To aid with this epidemic, the Food and Drug Association (FDA) has passed new guidelines that target the main brands and culprits of underage vaping: JUULs, Vuse, MarkTenXL, Blu e-cigs and Logic. These manufacturers as well as different distributors of the brands have been illegally selling to minors. This results in a nicotine addiction at a young age. To best protect minors, the FDA has issued more than 77,000 warning letters, 135 no-tobacco sale complaints and 18,560 civil money penalty cases to these brands and companies as of September 1, 2018.

In addition to launching an anti-vaping campaign aimed at teens and potentially ceasing online sales, this statement was released by the FDA on September 12, 2018:

“The agency is asking each company to submit to the FDA, within 60 days, how they will address widespread youth access and use of their products. If they fail to do so […] may require brands to remove some or all flavored products that contribute to the rise in youth use, until they receive premarket authorization and otherwise meet all obligations under law.”

What do students think about all of this? A couple of students here at SNHU gave some new insight on this epidemic with underage vaping and use of e-cigarettes in regards to the new laws to be passed by the FDA.

“It is a good idea to stop people from starting. If you don’t already [use] JUUL, don’t start now.” said Ryan Ulcickas (’22), a freshman at SNHU.

Another freshman, Jacob DaRosa (’22), agreed with this by saying, “The reason I began using JUUL and vaping was because a lot of my friends in high school did it. I think it is important to stop underage use because kids are getting addicted [to nicotine] at a young age.”

Both students think that it would be difficult for the FDA to crack down on usage because the kids are always going to find a way to do something. “If you have willpower, you have a way,” said Ulcickas.

DaRosa said that he would no longer continue vaping or using JUUL if the flavors were taken out of the picture, but Ulcickas had a different insight.

“The tobacco flavors are gross, and having no flavor also seems gross. I would still do it because I like the thrill of it, and I think this is part of the problem for kids, too,” Ulcickas said.

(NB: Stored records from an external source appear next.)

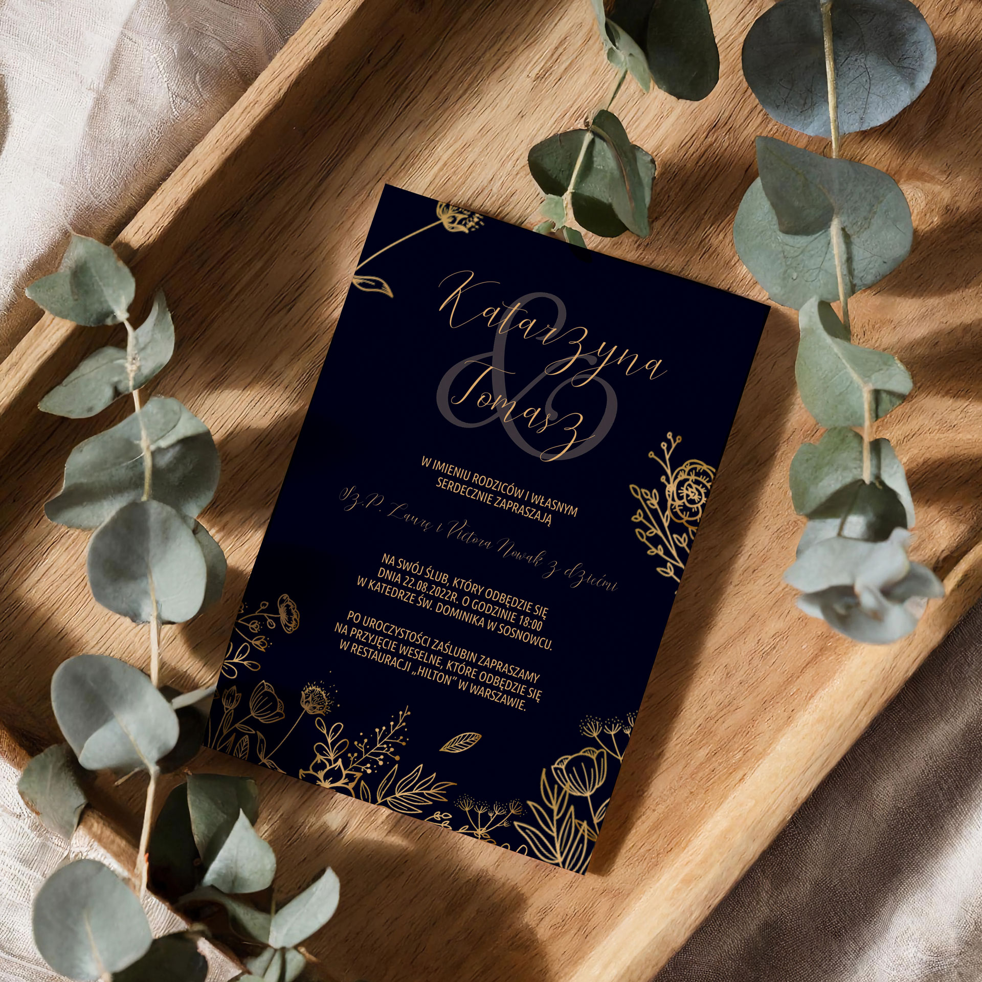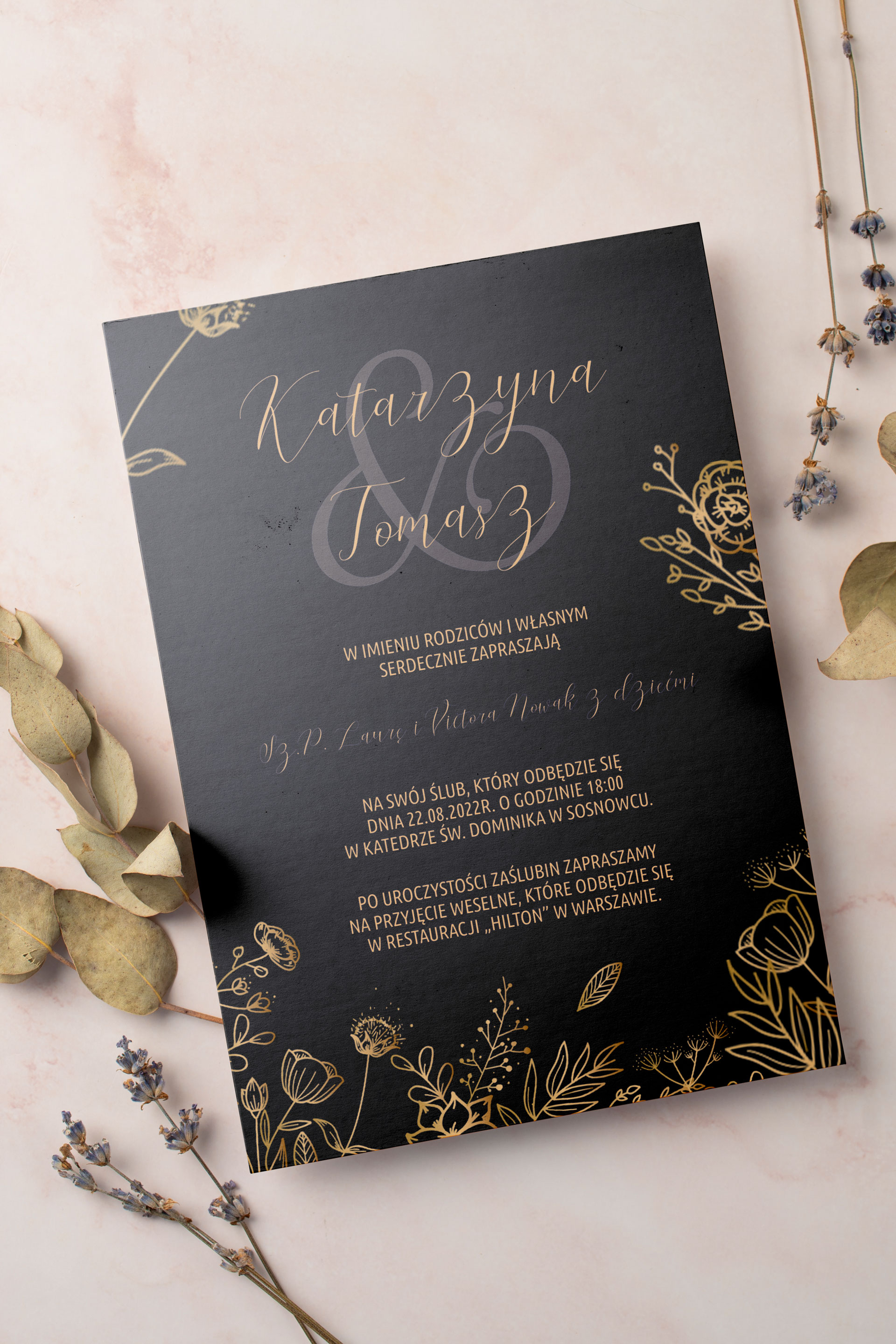 Wszystkie treści zaproszenia oraz dodatkowych wkładek są dowolnie personalizowane. Możesz zmienić każdą treść na swoim zaproszeniu. Podczas wypełniania Formularza Personalizacji opisz nam jak chcesz, aby wyglądało Twoje zaproszenie. Grafik przygotuje projekt skrojony specjalnie dla Ciebie.
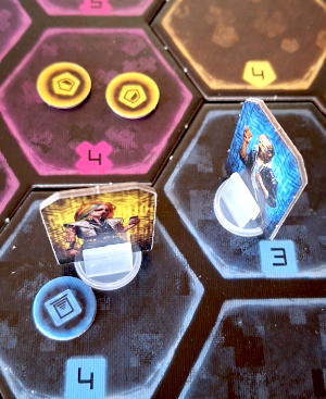 Wichtig sind für den Ablauf die Farben. Gelb bekämpft das Cluster mit List, das heißt mit Mehrheiten, während Rot den direkten Kampf sucht, der mit Würfeln entschieden wird. Grün agiert aus der Ferne und kann leicht Marken verschieben. Blau zuletzt sorgt für schnelle Bewegung der Spieler innerhalbe des Clusters. Vom Grundprinzip werden Karten mit Symbolen in den bekannten Farben gespielt. Dafür kommen hilfreiche Marken ins Spiel. Aus drei dieser Marken wiederum entsteht dann eine feste Installation, die sehr mächtig ist. Für erfahrene Spieler gibt es noch Lila als Farbe, die anders funktioniert, und daher erst mit einer gewissen Spielerfahrung ratsam ist.
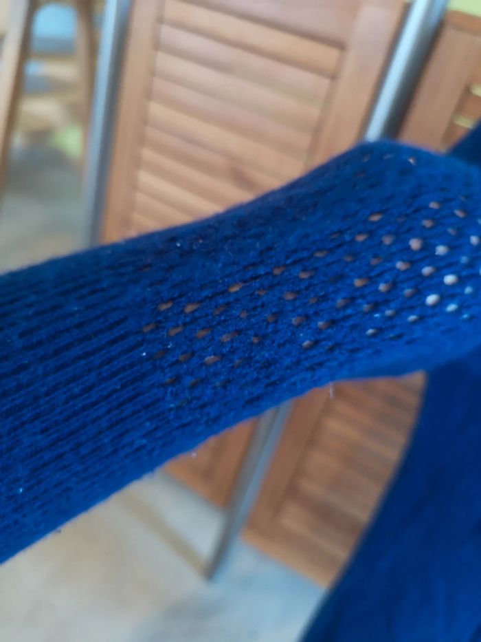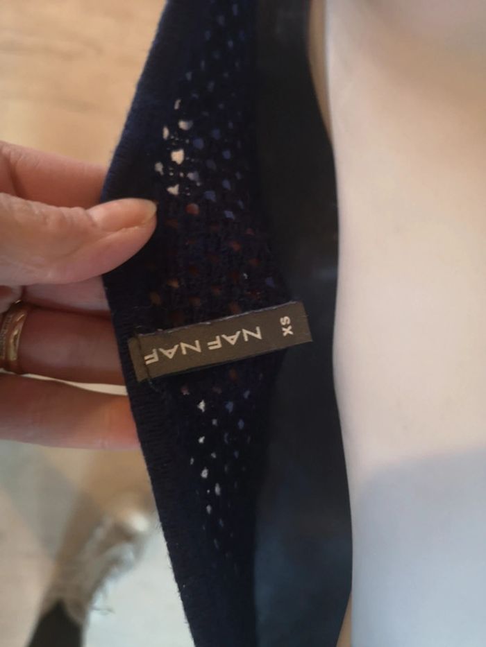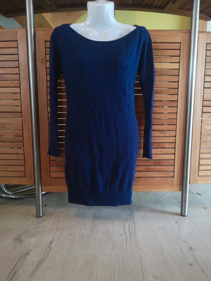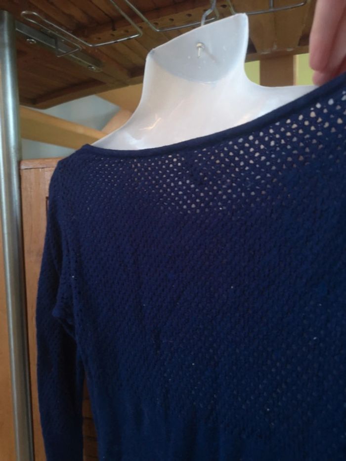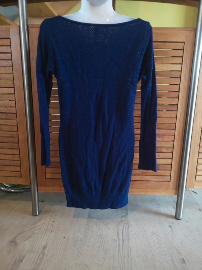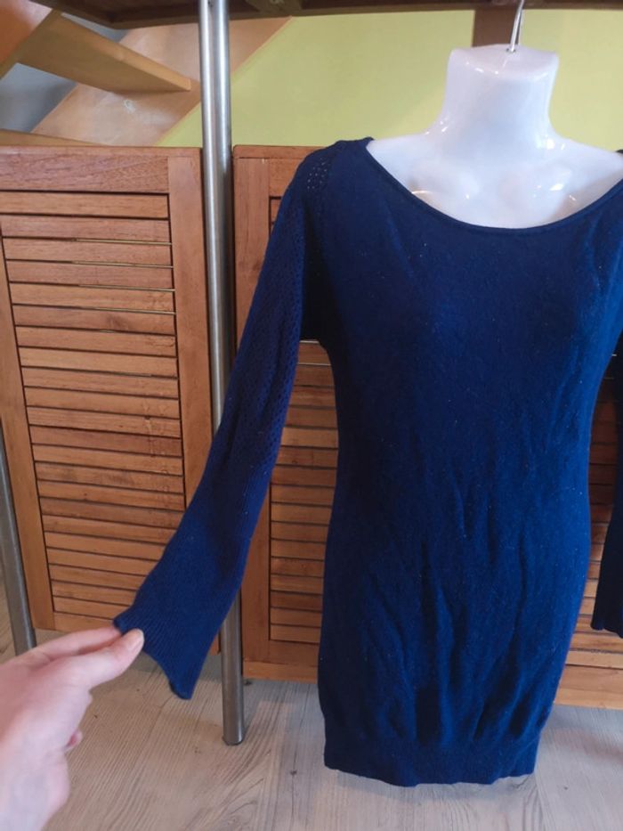 Robe pull bleu foncé NafNaf, manches longues avec parties ajourées, haut du dos ajouré (Cf photos)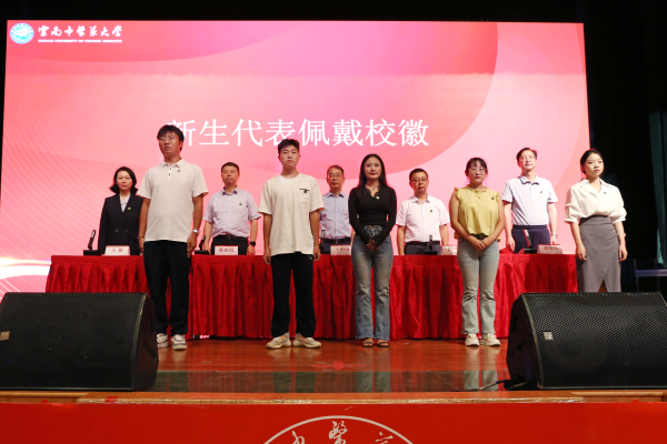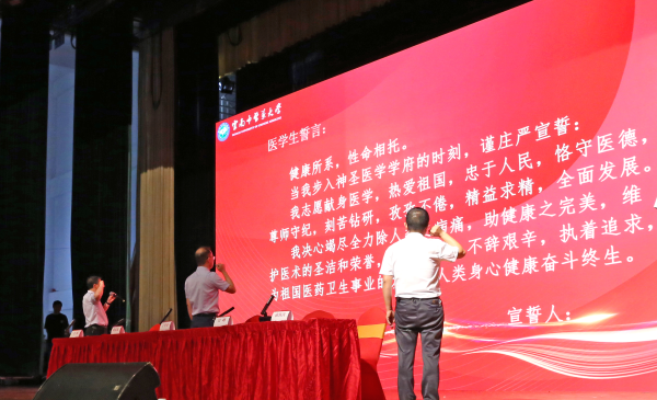 陈祖琨带领全体2024级新生进行医学生集体宣誓,主席台的领导为新生代表佩戴校徽。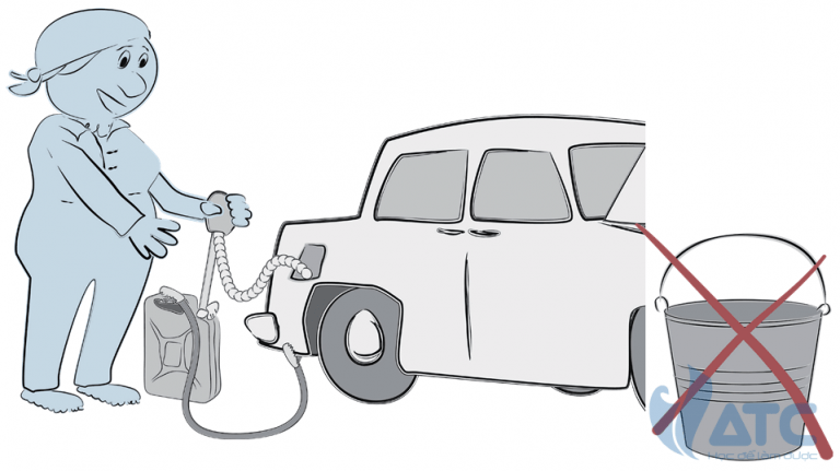 - Sử dụng ống si-phông hoặc bơm độc lập thủ công (không chạy điện) để truyền xăng dầu an toàn ở cả hai đầu ống.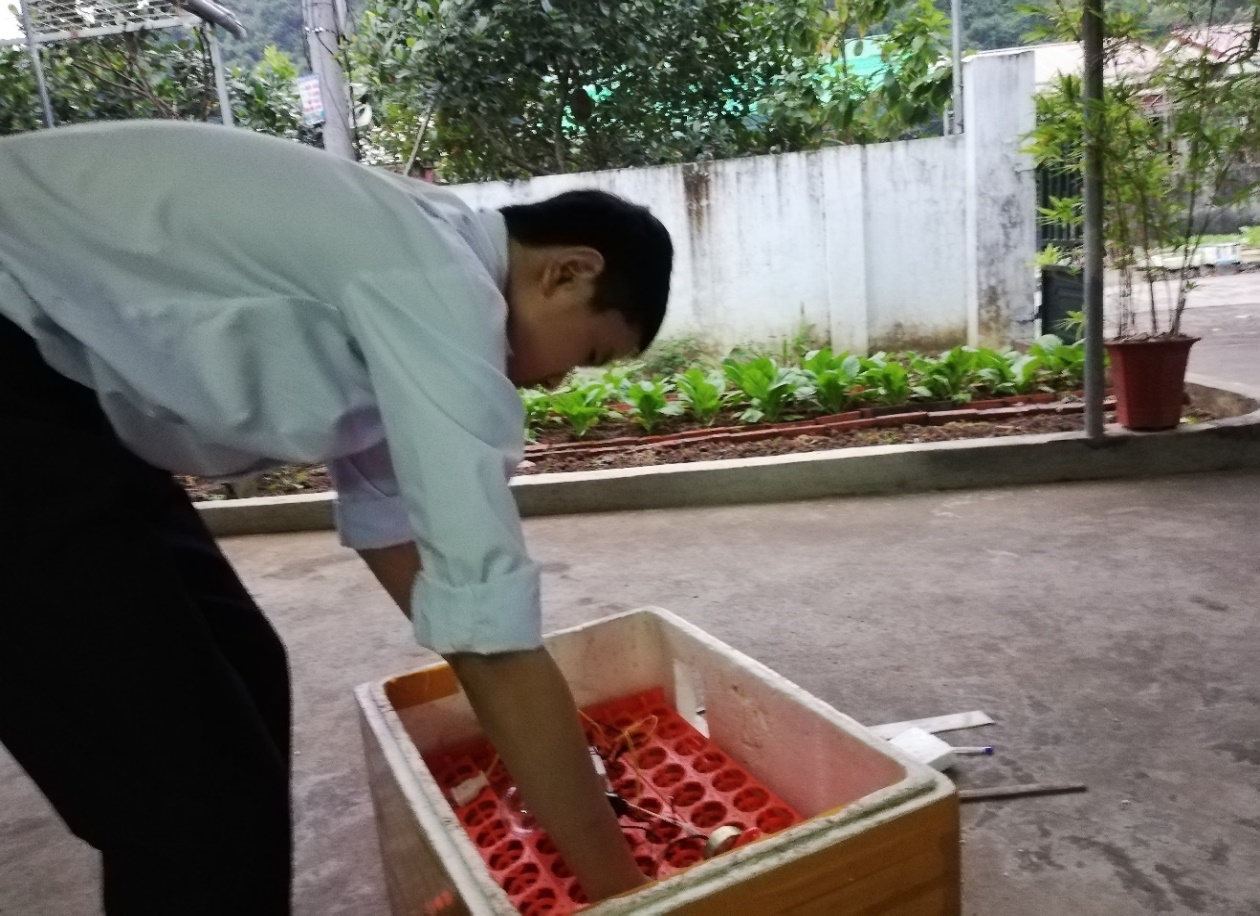 Qua nghiên cứu, tìm tòi, học hỏi, lắp đặt thành công, chúng em tiến hành thử nghiệm thì thấy trứng xếp vào hai khay được 100 quả, nhiệt độ ổn định, quạt gió chạy đều, giá trứng được đảo đều, trứng nóng đều.Chúng em đang tiến hành ấp trứng và được 10 ngày và khoảng 10 ngày nữa thị trứng sẽ nở thành gà con.

Both students also had some interesting thoughts about the effects of these new implementations on college campuses, and how college students may react. They suggested that this may lead to using cigars or cigarettes. Or, they could quit altogether, which could lead to withdrawal symptoms such as depression.

What do you think? Will this be the end of the JUUL era, or will JUUL be able to come up with a plan that is effective enough to stop underage use while also maintaining their flavors? Should flavors be taken away? How do we stop underage vaping and smoking?

It starts with a simple message: it’s not always cool to JUUL.